■ Task to carry out
Write out nothing but the lines from the first line of the entries below through the line with "De acordo com"; no pictures go in.

■ Material supplied
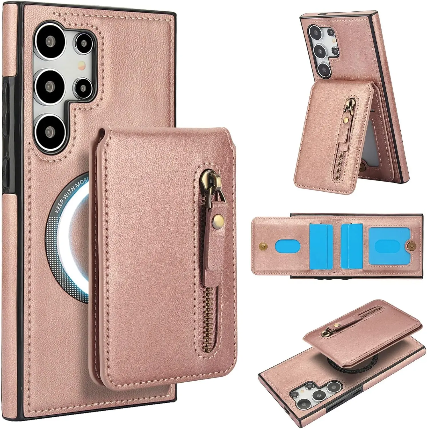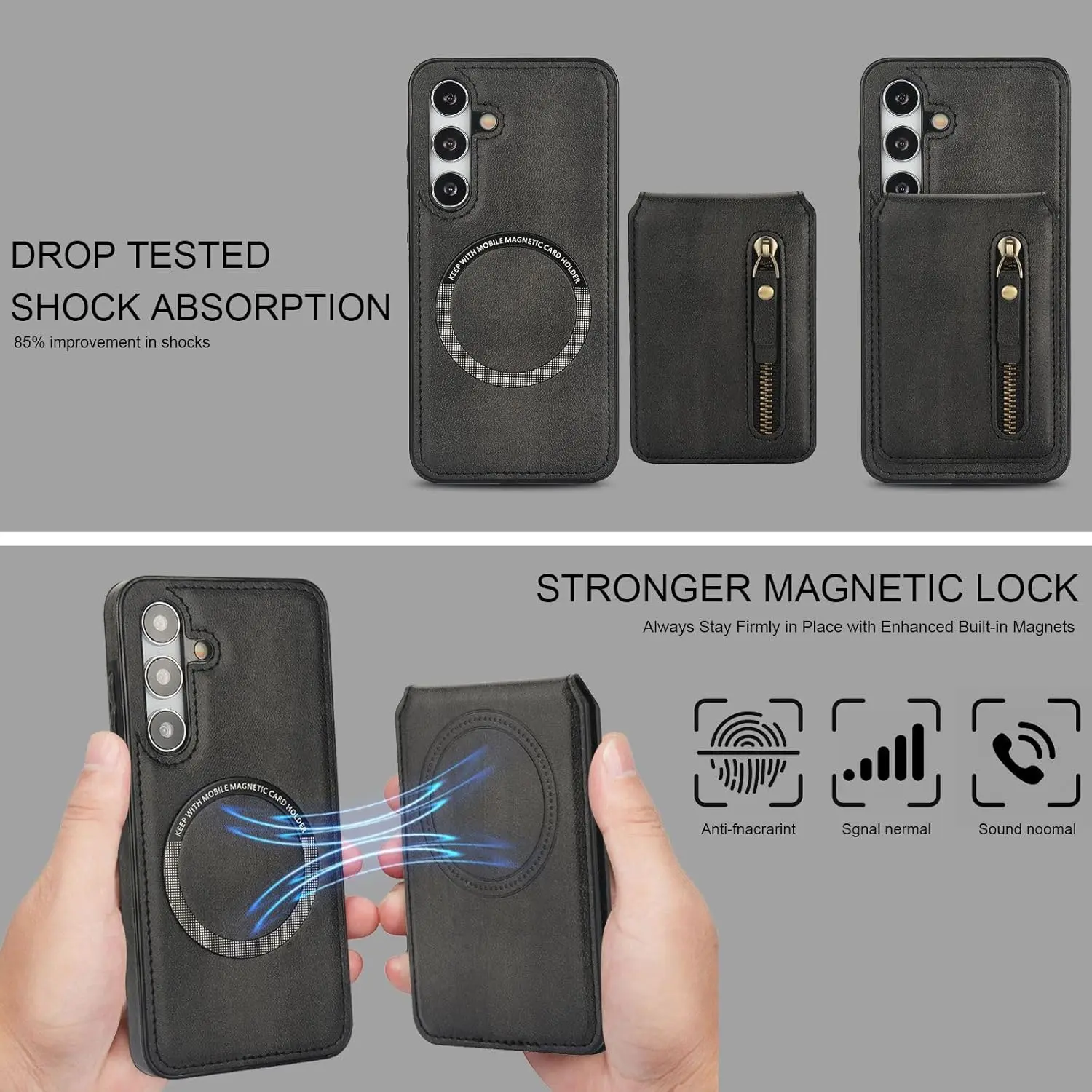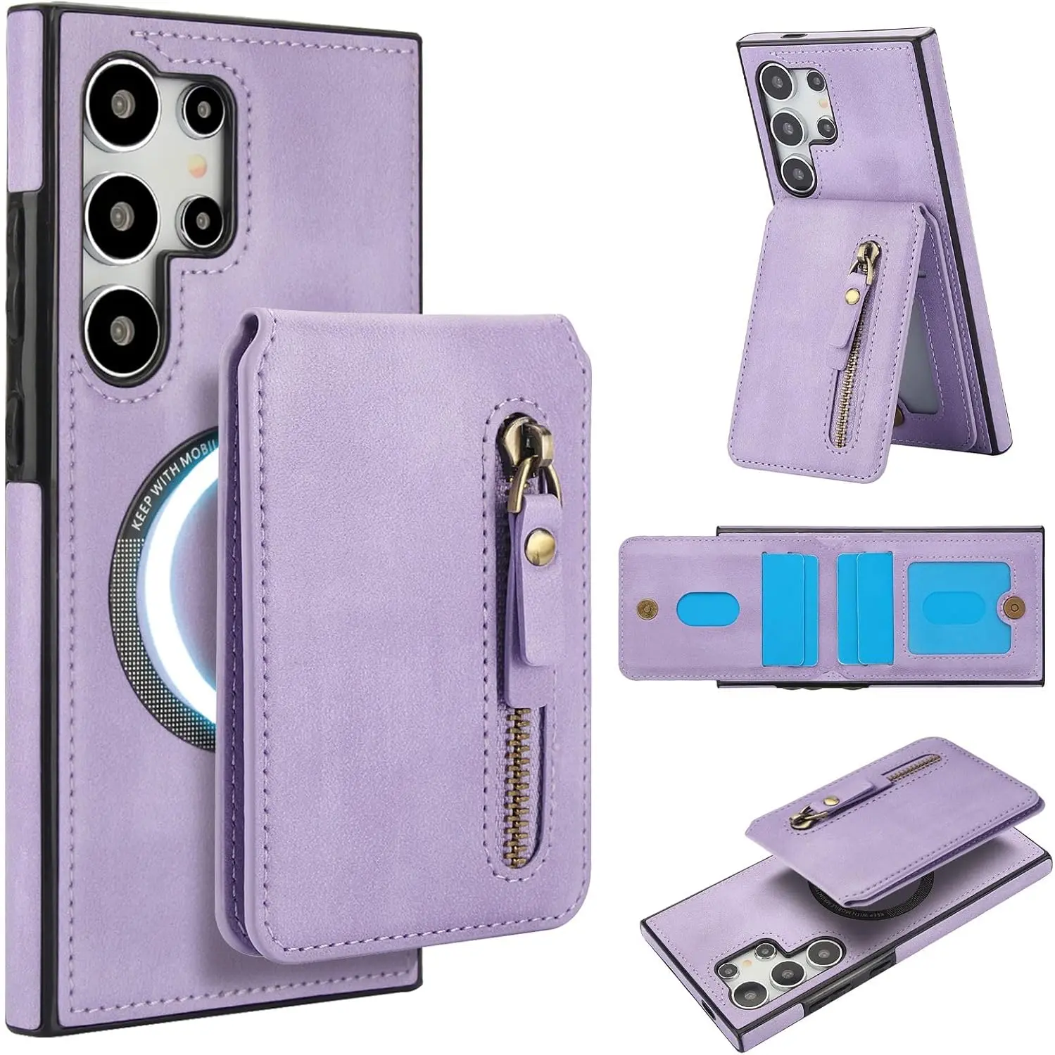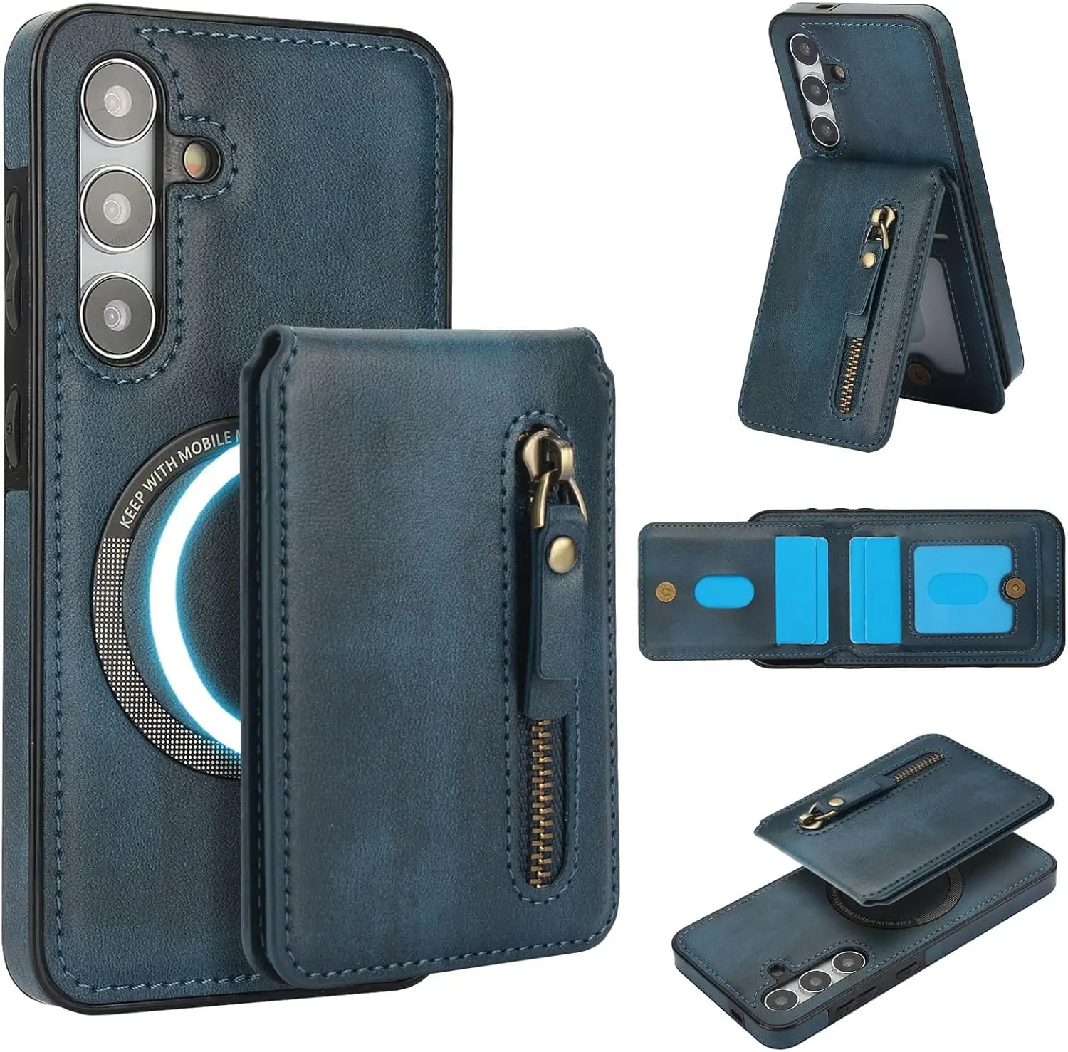 Convenient 2-in-1 Wallet: Including 1 Zipper Pocket and 4 Card Slots. The Wallet has Built-in Strong Magnets and can be disassembled and used alone at any time. It can also be Compatible with iPhone and other Phone without case, or other magnetic phone cases.
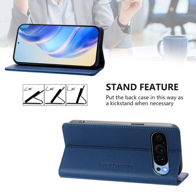 Funda de Cuero con Doble Pliegue y Succión Magnética RFID para Google Pixel 9 Pro XL Rc01 (Azul Oscuro)
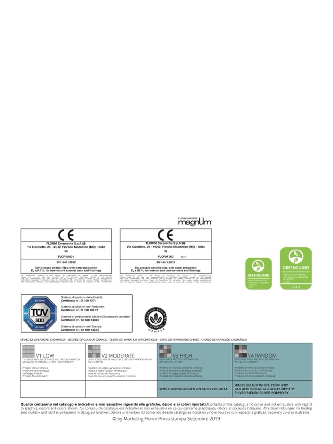 Para informaciones relativas a las especificaciones técnicas sobre la marca CE, chequear el sitio www.florim.com
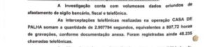 De acordo com o órgão ministerial, a investigação conta com volumosos dados oriundos de afastamento (quebra) de sigilo bancário, fiscal e telefônico. Somente na “Operação Casa de Palha”, as interceptações telefônicas somam a quantidade equivalente a 807,72 horas de gravações. Foram interceptadas 48.235 chamadas telefônicas.
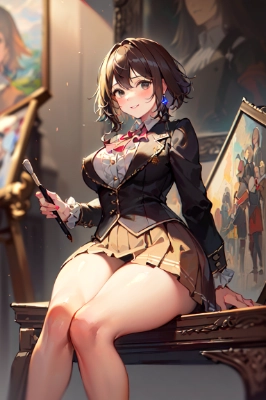 masterpiece, best quality, extremely detailed, (Mucha style, Art nouveau:1.3), (watercolor painting, shading, blurring, Dramatic lighting:1.4), (a pure and lustful schoolgirl:1.6), black eyes, black hair, school blazer uniform, rosebuds, big breasts, bare legs,
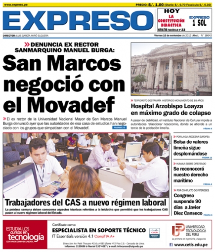 “San Marcos negoció con el Movadef”. El título inicia el desarrollo de la información en Expreso, y provienen del exrector de la Universidad Nacional Mayor de San Marcos (UNMSM), Manuel Burga, quien reveló que algunas autoridades de esta casa de estudios ha sostenido negociaciones con los grupos que simpatizan con el prosenderista Movimiento por la Amnistía y Derechos Fundamentales (Movadef), con el propósito de administrarla a conveniencia.
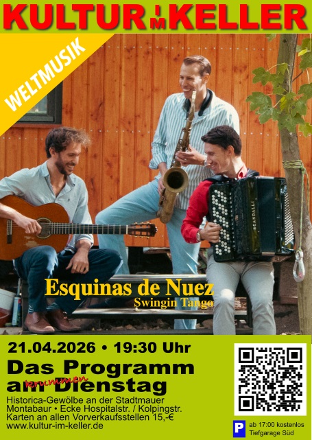 Kultur im Keller “Esquinas de Nuez” Kultur im Keller “Esquinas de Nuez” + Zu Google Kalender hinzufügen + iCal / Outlook exportieren 00 Tage 00 Stunden 00 Minuten 00 Sekunden Datum 21 Apr. 2026 Uhrzeit 19:30 Preis 15.00€ Labels Montabaur Standort Montabaur Kategorie Musik / Konzerte Teile diese Veranstaltung
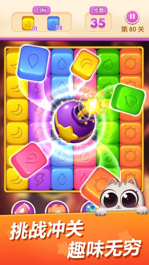 欢乐爆破是一款非常不错的休闲类消除小游戏,游戏延续了经典的三消玩法,操作非常简单,画面上采用了精美的卡通风格,特效炫酷无比,在这里你可以尽情享受指尖消除所带来的乐趣,快来试试吧!
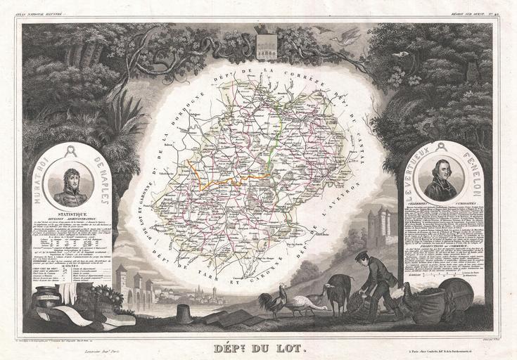 Keywords: 1852 Levasseur Map of the Department Du Lot, France (Cahors Wine Region) - Geographicus - Lot-levasseur-1852.jpg This is a fascinating 1852 map of the French department of Lot France This area of France is known for its production of Cahors wine a powerful red wine often harsh when young but remarkable after a few years in bottle The Pilgrimage to Santiago de Compostella also passes through the northern part of this region The map proper is surrounded by elaborate decorative engravings designed to illustrate both the natural beauty and trade richness of the land There is a short textual history of the regions depicted on both the left and right sides of the map Published by V Levasseur in the 1852 edition of his Atlas National de la France Illustree 1852 undated Size in 17 5 12 object history credit line accession number Lot-levasseur-1852 Levassuer V <i>Atlas National Illustre des 86 Departements et des Possessions de La France Divise par Arrondissements Cantons et Communea avec La Trace de Toutes Les Routes Chemins de fer et Canaux </i> 1852 edition Geographicus-source PD-old-100 Victor Levasseur - Maps of France France 1852 maps France Old maps of Lot |
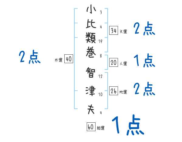 小比類巻智津夫さんの画数の鑑定結果
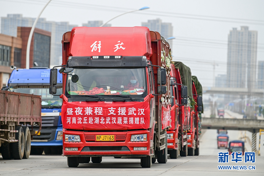3月1日,河南沈丘退伍老兵王國輝帶隊(duì)第三次來到武漢送菜,將沈丘縣委縣政府采購的130噸農(nóng)副產(chǎn)品捐贈給武漢。 新華社發(fā)(侯建勛 攝)
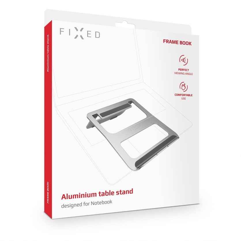 Přenosná hliníková podložka FIXED Frame Book je praktickým doplňkem pro váš notebook do kanceláře i na cesty. Díky nastavenému sklonu vám ulehčí práci a uleví vašim zádovým i krčním svalům. Zároveň umožní proudění vzduchu pod notebookem a zlepší tak jeho chlazení.
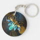 Luciole à vapeur avec ailes bleues transparentes et ampoule verte sur arrière - plan usé, marron, texturé. Style Steampunk.
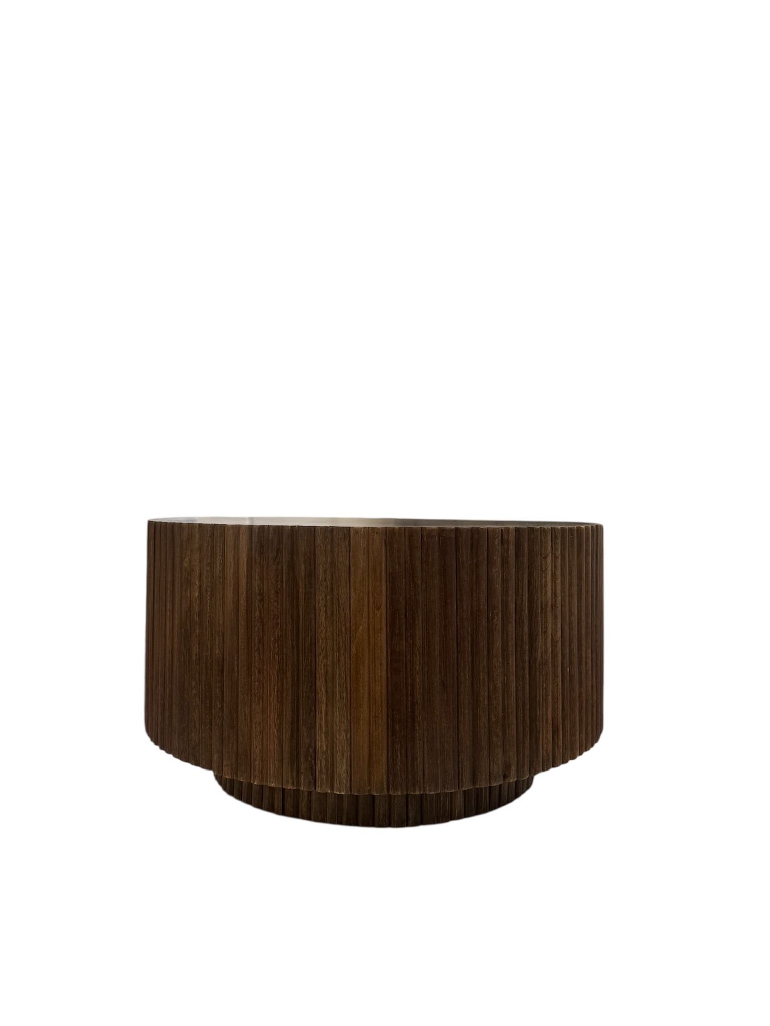Tavolino con ripiano in legno e base in legno lavorato.
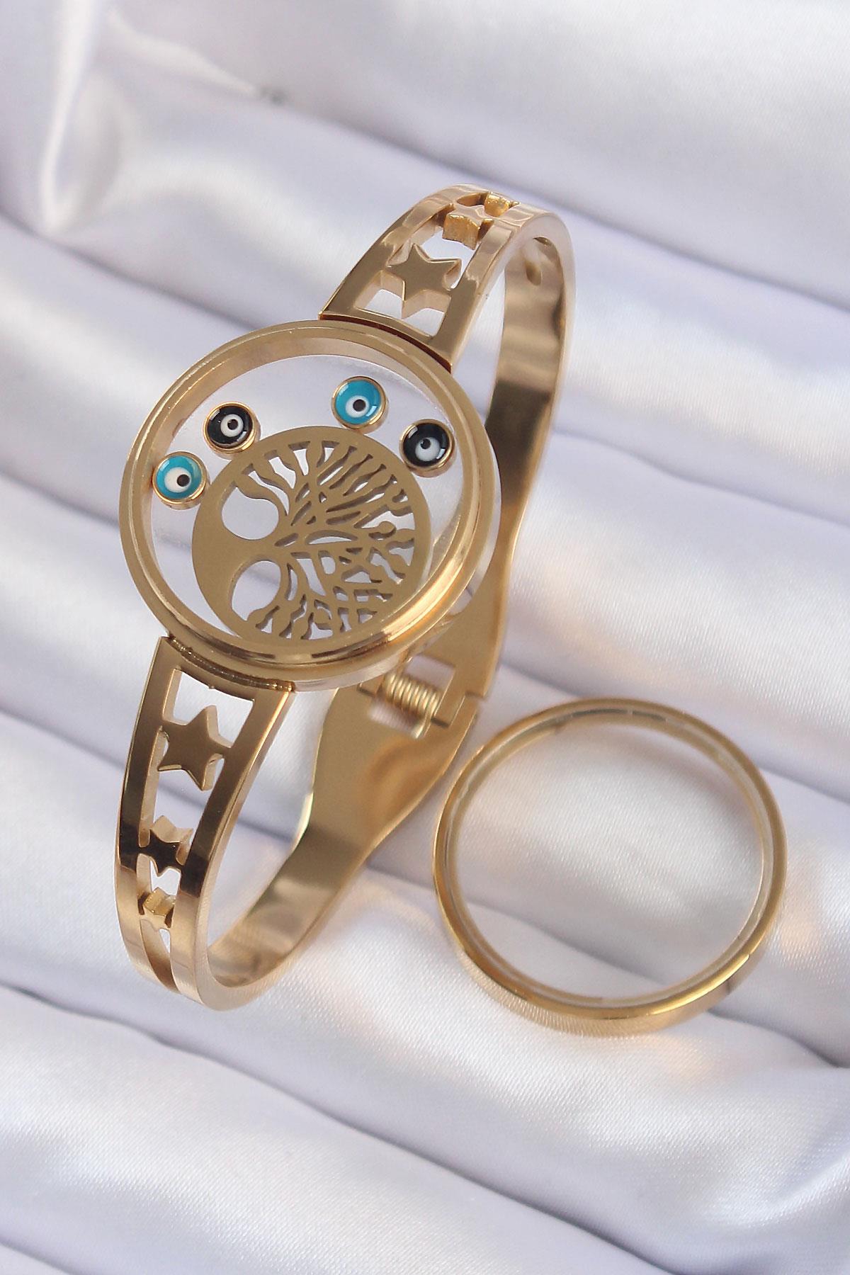 316L Çelik Altın Renk İçi Yaşam Ağacı ve Nazar Boncuk Figürlü Açılabilir Fanus Kelepçe

■ Written answer
 Convenient 2-in-1 Wallet: Including 1 Zipper Pocket and 4 Card Slots. The Wallet has Built-in Strong Magnets and can be disassembled and used alone at any time. It can also be Compatible with iPhone and other Phone without case, or other magnetic phone cases.
 Funda de Cuero con Doble Pliegue y Succión Magnética RFID para Google Pixel 9 Pro XL Rc01 (Azul Oscuro)
 Para informaciones relativas a las especificaciones técnicas sobre la marca CE, chequear el sitio www.florim.com
 De acordo com o órgão ministerial, a investigação conta com volumosos dados oriundos de afastamento (quebra) de sigilo bancário, fiscal e telefônico. Somente na “Operação Casa de Palha”, as interceptações telefônicas somam a quantidade equivalente a 807,72 horas de gravações. Foram interceptadas 48.235 chamadas telefônicas.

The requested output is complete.